Go through it and the stand-out is how many of the key economic indicators are flat-lining or declining. GDP appears (there’s a lag in availability of data) to be down, and median earnings are down while the cost of living is savagely up.
This government, which cannot balance the books, spends 34% of all it removes from taxpayers and the economy on States pensions and welfare benefits – more than on healthcare – and a paltry 1% on economic development and tourism. Going for growth we are not.
The number employed – so vital for Guernsey’s economic future that positive population growth has just been agreed by the States – this year is the lowest since 2018 while there are between 2,000 and 3,000 currently advertised job vacancies, including in pressing areas like home insulation and green energy.
Home Affairs’ Rob Prow, the island’s migrationmeister, said here this week: ‘The island does not only need the necessary housing and infrastructure to support and attract increased migration, but also the population and migration controls to achieve it.’
Yet he and government colleagues have already overseen a chronic housing shortage while industry blames the existing population regime for staff shortages.
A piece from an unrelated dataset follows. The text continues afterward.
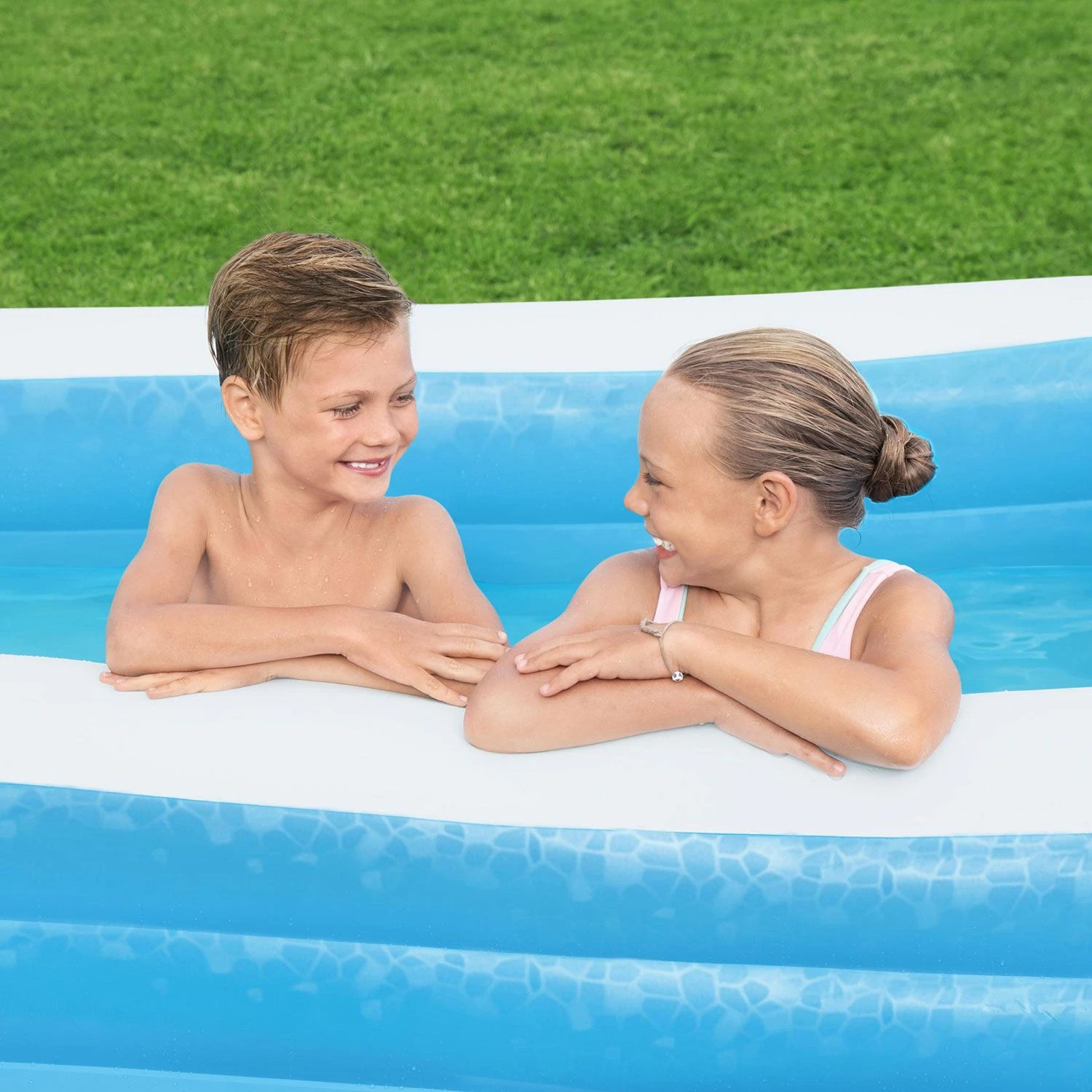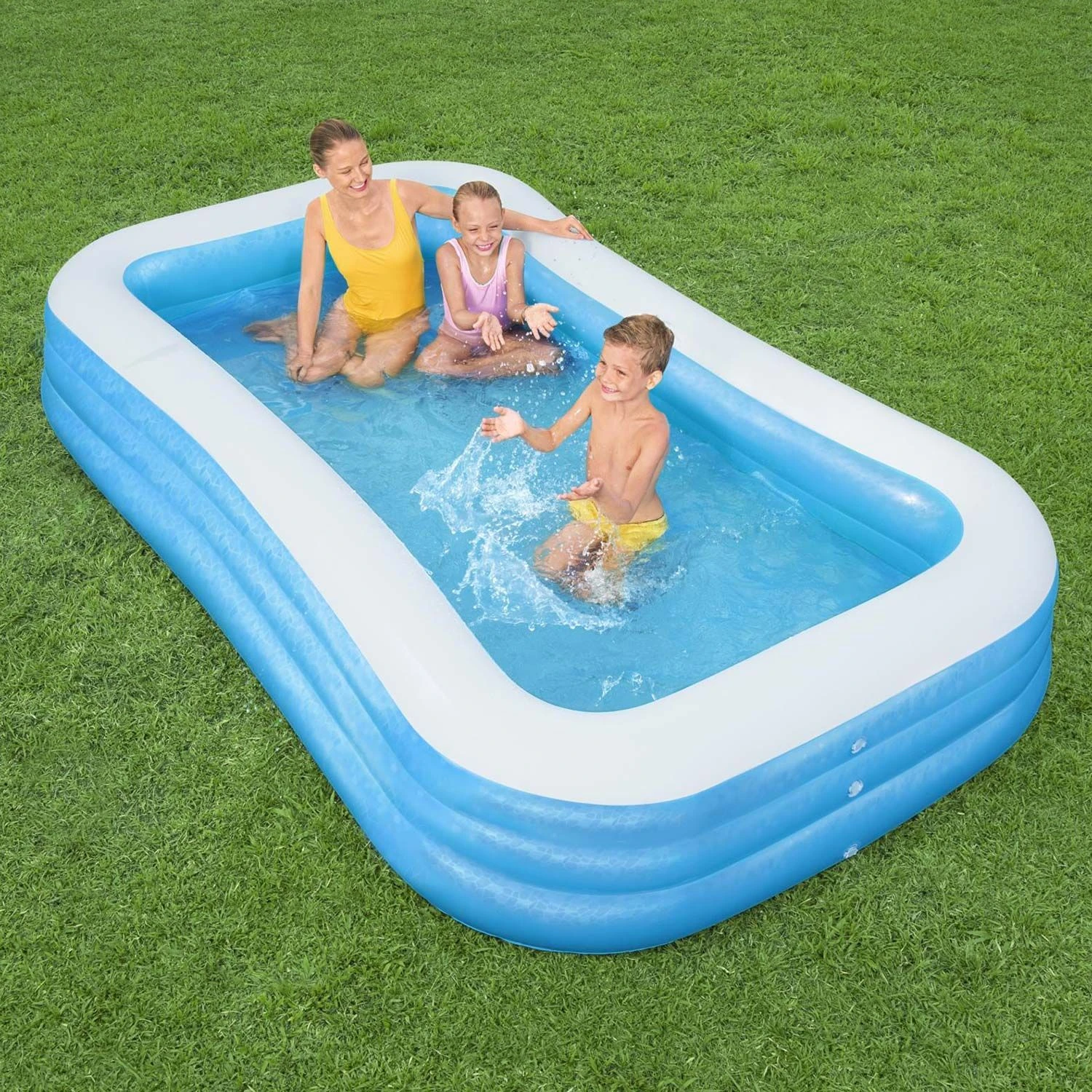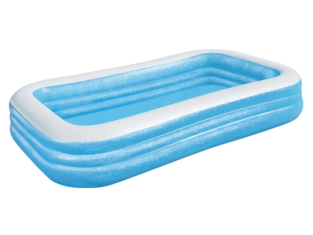 Dit Bestway De Luxe 3-rings opblaasbare familie zwembad is 305 cm lang, 183 cm breed, 56 cm hoog en heeft een watercapaciteit van 1161 liter. De 3 ringen van het zwembad zijn eenvoudig op te pompen (pomp niet inbegrepen). Het ruime Bestway De Luxe opblaasbare zwembad biedt uren waterpret voor de hele familie. Met het handige aftapventiel laat je het zwembad snel weer leeglopen. Specificaties:-Rechthoekig familie zwembad De Luxe-Lengte: 305 cm-Breedte: 183 cm -Hoogte: 56 cm-Watercapaciteit: 1161 liter-Aanbevolen leeftijd: vanaf 6 jaar-Drie gelijke ringen-Drie driewegventielen-Stabiele I-beam constructie-Extra brede wanden

Despite the population debate, nothing will change on these fronts any time soon, a make-or-break Moneyval inspection for finance looms and ratings agency Standard and Poors earlier downgraded the outlook for the island to negative. What will its next assessment be?
In short, as Rishi Sunak is telling everyone this week, there are some difficult decisions to take and, for us, the shape of Guernsey’s future is one of them.
So who will Deputy Ferbrache ask to replace Heidi? A Trott, St Pier or Parkinson perhaps, to get some knowledge, experience and heft on board? Or a nodding dog from the Blob of fellow travellers? I doubt any of those three I’ve named would contemplate joining the current P&R – which tells you quite a bit about the underlying reasons for Deputy Soulsby’s departure – so we shall see.
More fundamentally, however, what next? This Assembly has given up on containing expenditure and has no plan for increasing revenues. Its only ‘solution’ is to raise taxes and the impending review in that area will be to introduce GST at around 5% before hiking it subsequently because, under this P&R, the States has lost control of public finances.
Getting GST through the Assembly, however, is not guaranteed. Public opinion alone, suckered into voting island-wide for candidates allegedly promising to cut waste and do things more efficiently, will be neither kind nor gentle. So what happens, as many States members already expect, if the tax and spend package from P&R is lost?
Will that trigger – as it should – mass resignations? Could a P&R unable to pay the bills and with no credible plan to balance the books retain any legitimacy as the States’ senior committee and policy adviser? Can an entire Policy & Resources be replaced without a general election called to ask islanders what sort of economic future they want? Or asking their views on island-wide voting, shadowy ‘political parties’ and manifesto promises that evaporate on election?
Yes, you’re right. So far so speculative. But the Deputy Soulsby resignation shows how close we’ve come to straying into the Truss territory of untenable government.